Temei, Supremo! Está em alta o nome de José Eduardo Cardozo, hoje ministro da Justiça, para a vaga aberta no Supremo com a saída iminente do ministro Joaquim Barbosa — na verdade, essa pode ser a consequência mais nefasta de sua aposentadoria precoce. Dilma tem uma certa gratidão por ele. Durante a campanha, havia três […]

Temei, Supremo!

Está em alta o nome de José Eduardo Cardozo, hoje ministro da Justiça, para a vaga aberta no Supremo com a saída iminente do ministro Joaquim Barbosa — na verdade, essa pode ser a consequência mais nefasta de sua aposentadoria precoce.
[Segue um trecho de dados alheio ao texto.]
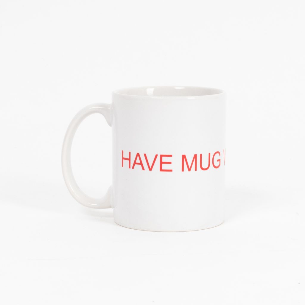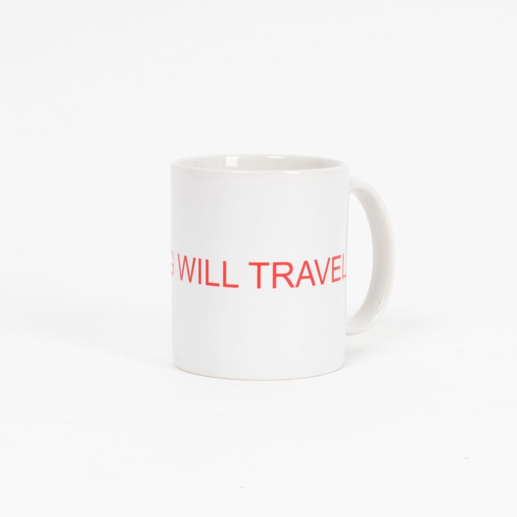 Let your cup do the talking for you, especially on your groggiest Mondays, with this printed coffee mug. Features white ceramic body, C-shaped handle, and contrast colored Have Mug Will Travel wrap around text.

Dilma tem uma certa gratidão por ele. Durante a campanha, havia três assessores próximos que ela apelidou, carinhosamente, de seus “Três Porquinhos”. Um dos “Porquinhos” era justamente Cardozo. Os outros dois eram Antonio Palocci e José Eduardo Dutra. O ex-ministro está hoje na iniciativa privada e segue como um dos homens mais próximos de Lula. Dutra é diretor Corporativo da Petrobras. Cardozo está no Ministério da Justiça, mas Dilma não esconde dos mais íntimos que o considera incompetente. Então alimenta a ideia de lhe arrumar um emprego no Supremo. Imaginem… Ele teria 15 anos para ficar no tribunal!

Durante um tempo, Cardozo confundiu algumas cabecinhas. Chegou a anunciar que se afastaria da política, desiludido com a falta de idealismo e coisa e tal. Mas logo recobrou a vontade. No Ministério da Justiça, comporta-se como militante petista. Como militante petista, pretende posar de ministro da Justiça. A sua omissão na área de segurança pública tem sido escandalosa.

Já escrevi aqui e lembro outra vez. No próximo mandato presidencial, serão nomeados cinco ministros: no ano que vem, o substituto de Celso de Mello (caso ele não se aposente antes); em 2016, o de Marco Aurélio, e, em 2018, os de Ricardo Lewandowski, Teori Zavascki e Rosa Weber. Com toda a serenidade, observo que uma eventual vitória da oposição pode ser vital também para o Poder Judiciário manter a sua independência em relação ao Poder Executivo. A corte suprema de um país não pode ser a seção de um partido ou uma extensão de um grupo ideológico, a exemplo do que acontece hoje em protoditaduras como a Venezuela, a Bolívia, o Equador ou a Nicarágua.